(Prompt): Copy nothing past the line containing "在日活跃用户数方面:也只有排". Transcribe every line of the listing below up to and including it, from the first, except pictures.

(Data excerpt):
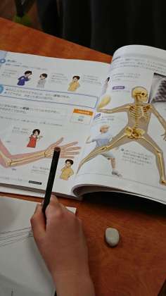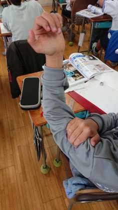 今日は、昨日も紹介した「筋肉」に加えて、「骨」「関節」についても学習していました。子供たちは、教科書の図を見ながら不思議そうに自分の体を触っています。きっと、普段何気なく動かしている腕や体のいろいろな部分の仕組みに驚くやら信じられないやらで頭では分かっていても、なかなか「そうなんだ。」と理解するのが難しいのかもしれません。不思議ですよね、確かに。
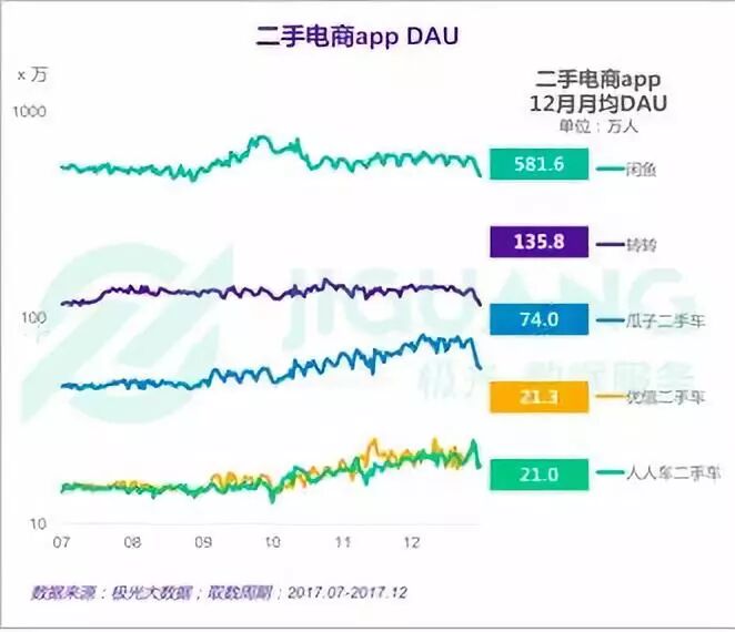 在日活跃用户数方面:也只有排在前两名的闲鱼和转转月均日活达到了百万级别,其中闲鱼月均DAU为581.6万,转转为135.8万。闲鱼与转转之间的差距,似乎是无法逾越的鸿沟,不过这种趋势在2018年有了反转式的发展。
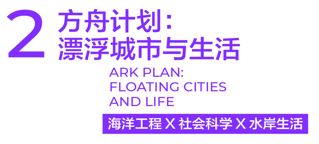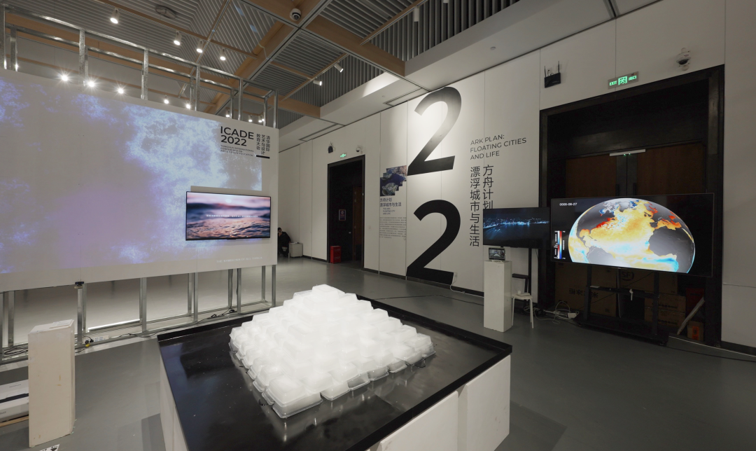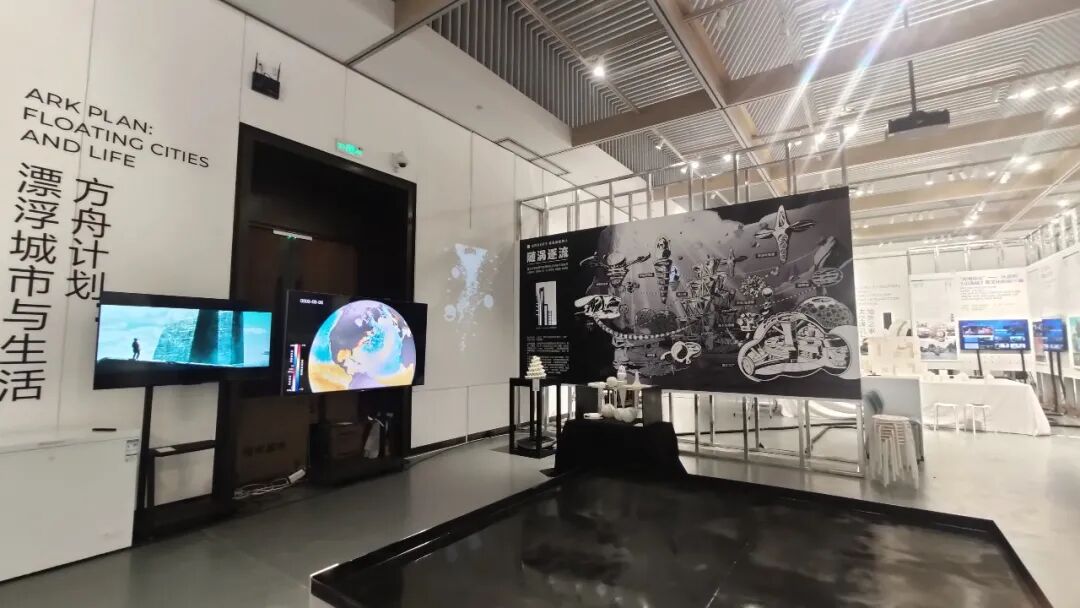 海洋是生命的起源,也可能是生命的归宿。篇章“活着的人”中,作品《漂浮音乐会》通过海上音乐会的设计链接海洋、人与环境,用建筑、自然与音乐结合的互动体验消解人在城市生活中的禁锢感;篇章“逝去的人”则通过《流》和《无题》两个装置表达时间和环境的变迁,阐释人类与海洋的关系以及人类之于海洋的影响;而篇章“远航的人”着眼于滨海城市居民的应急逃生问题,在《海上社区 - 核心塔等比例模型》、《海上社区 - 功能单元等比例模型》、《全球海表面温度距平及海冰密集度、形变率可视化》三件作品中构建了在未来地球环境气候巨变的新的海洋情况下的生存系统,重新思考随“涡”逐流、万物互依的人与海洋和谐共处的生存之道。三个篇章的作品融合建筑设计、交互设计、装置艺术、服务系统设计等不同的设计语言,从不同专业维度阐释、批评和反思“方舟计划”的展览主题,倾注着创作同学的对海洋环境的思考、情感以及美好愿望。
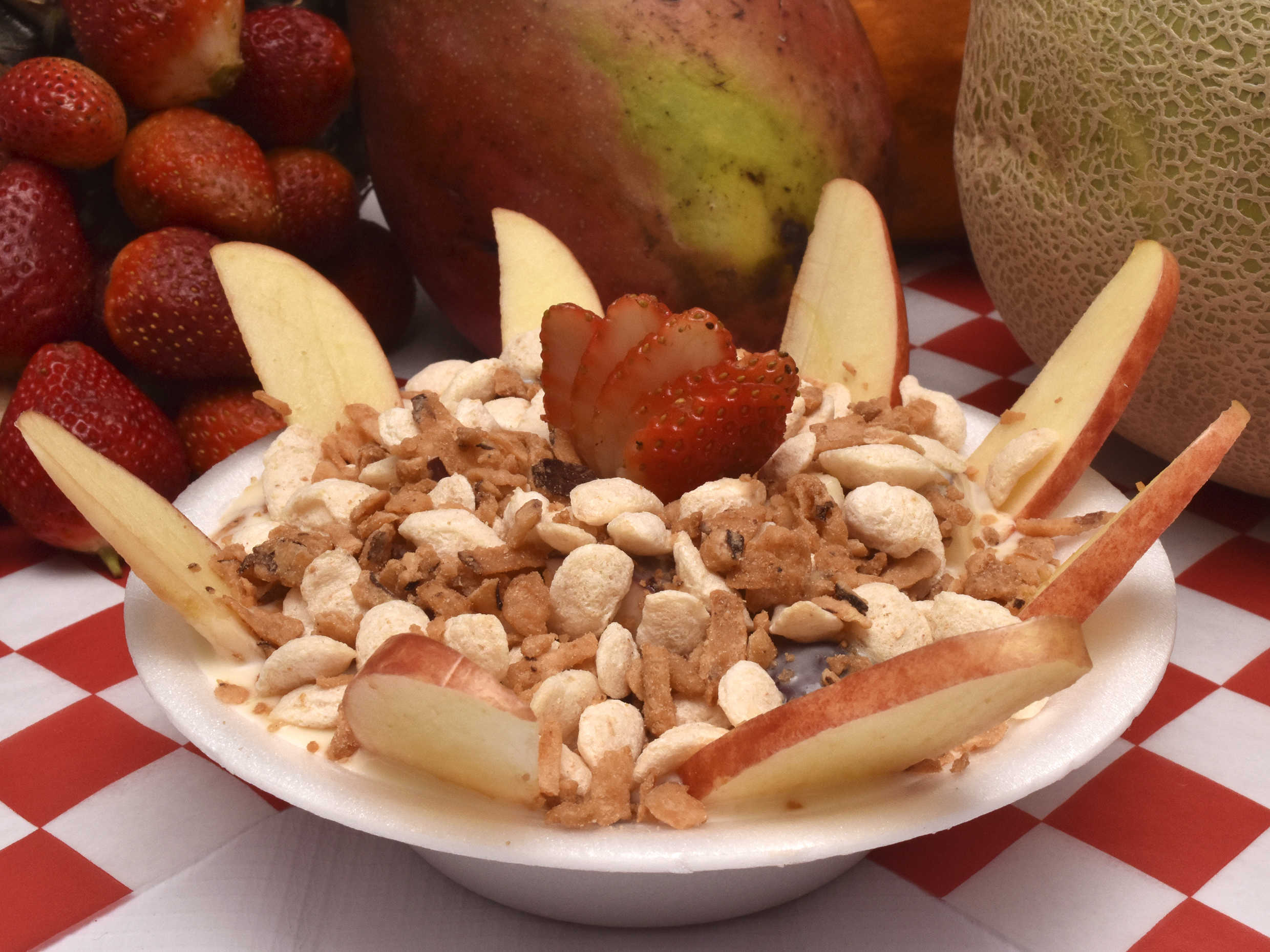 Plátano, manzana, uva, guayaba, melón, papaya, fresa, mango (crema, yogurt natural, yogurt fresa) cereales: chispas de colores, trigo, arroz inflado. Granola, almendra, cacahuate, amaranto, pasas, coco dorado, coco blanco, chispas de chocolate, nuez, lunetas (4 a elegir).

(Response to the exercise):
 今日は、昨日も紹介した「筋肉」に加えて、「骨」「関節」についても学習していました。子供たちは、教科書の図を見ながら不思議そうに自分の体を触っています。きっと、普段何気なく動かしている腕や体のいろいろな部分の仕組みに驚くやら信じられないやらで頭では分かっていても、なかなか「そうなんだ。」と理解するのが難しいのかもしれません。不思議ですよね、確かに。
 在日活跃用户数方面:也只有排在前两名的闲鱼和转转月均日活达到了百万级别,其中闲鱼月均DAU为581.6万,转转为135.8万。闲鱼与转转之间的差距,似乎是无法逾越的鸿沟,不过这种趋势在2018年有了反转式的发展。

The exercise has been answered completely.